Like her four cousins, Edith, Alice, Margaret and Norah, Agnes Hamilton attended Miss Porter's School in Farmington, Connecticut. After the death of her father in 1895, together with her sister Jessie, attended the Pennsylvania Academy of the Fine Arts in Philadelphia from 1898 to 1900 studying under Cecilia Beaux. After school, of the three sisters, only Agnes left home.

==Career==
She considered various career choices, architecture and art among them, but then became a social worker. Among her achievements: was a liaison between the First Presbyterian Church in Fort Wayne and Nebraska, a Mission School in a poor neighborhood; was a leader in the Women's Club movement; was the leader of the Students' Art League; was the founder and first president of the Local YWCA; opened the first library in Fort Wayne; was among the founders of the Bethany Presbyterian Church.

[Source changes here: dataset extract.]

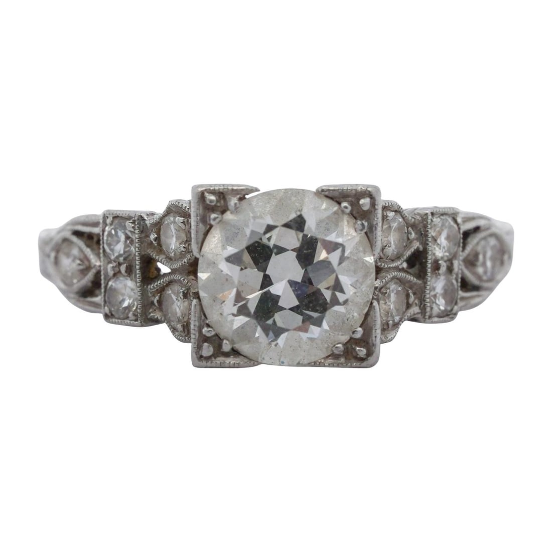 Art Deco Platinum Diamond RingArt Deco platinum and diamond ring, set in the center 1 with an old European-cut diamond weighing approximately 1.15 carats and with an estimated color and clarity grade of "I-J, VS1", within a domedSee Sold Price
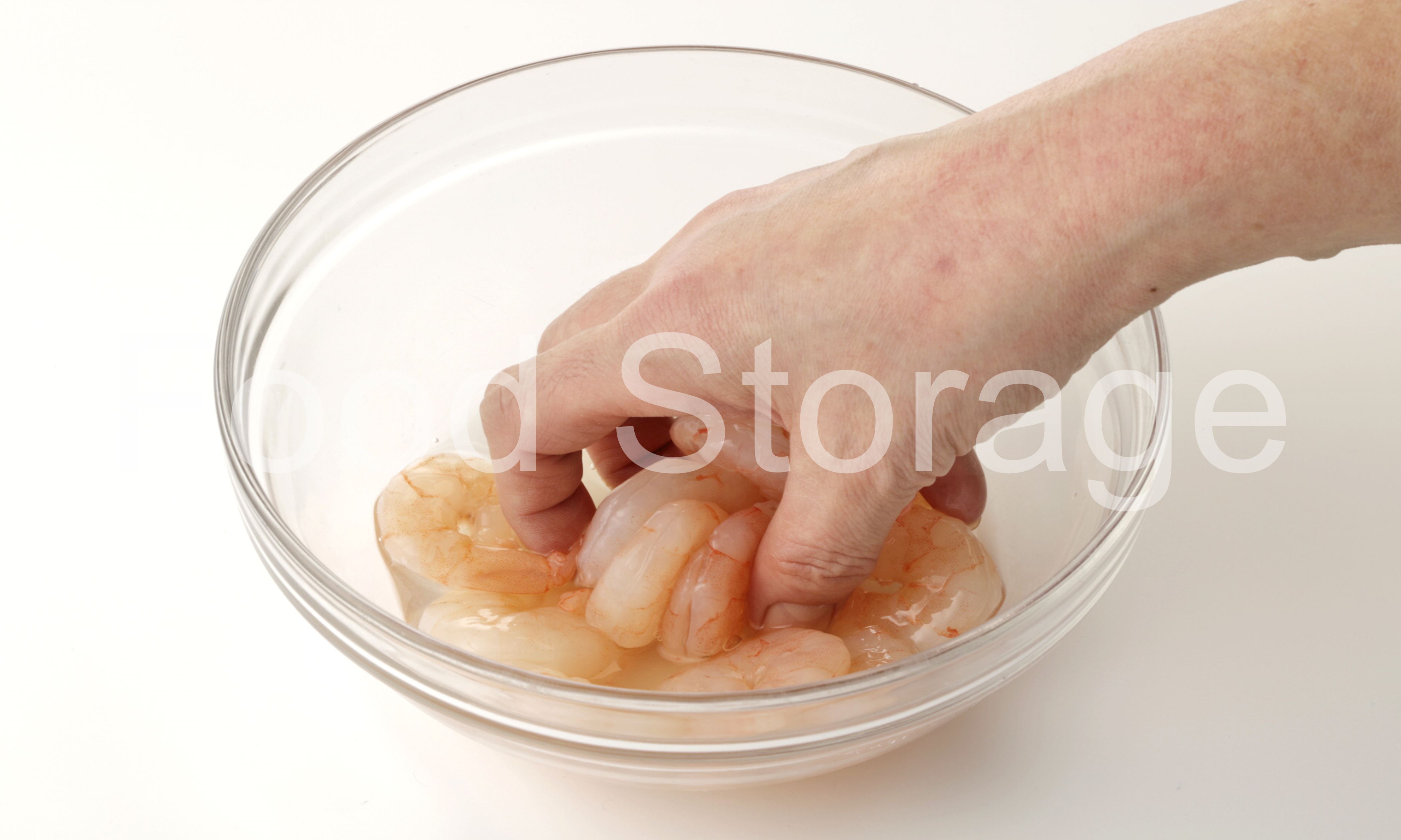 酒でもみ洗いすることでえびのにおいを取り、風味をつける。 |

She was deeply religious and enthusiastically adhered to an evangelical religious movement founded by Frank Buchman, the Oxford Group, that promoted personal reformation and public confessions.

Her first experience of settlement life was in 1897 when she visited her cousin Alice at Hull House. In 1902 she became a resident of the Lighthouse, a Philadelphia settlement house, where she served as a director and member of the executive committee until the early 1930s.

==Personal life==
Following their mother's death, Jessie and Agnes moved to their summer home in Connecticut, close to their cousins.

She died on November 11, 1961, and is buried at Lindenwood Cemetery, Fort Wayne, with her family.

==Legacy==
A statue to Edith, Alice and Agnes Hamilton is dedicated in Headwaters Park in downtown Fort Wayne.

In 2005, Indiana University–Purdue University Fort Wayne formed the Society of Hamilton Sisters to honor the achievements, service contributions, and outstanding accomplishments of middle and high school girls.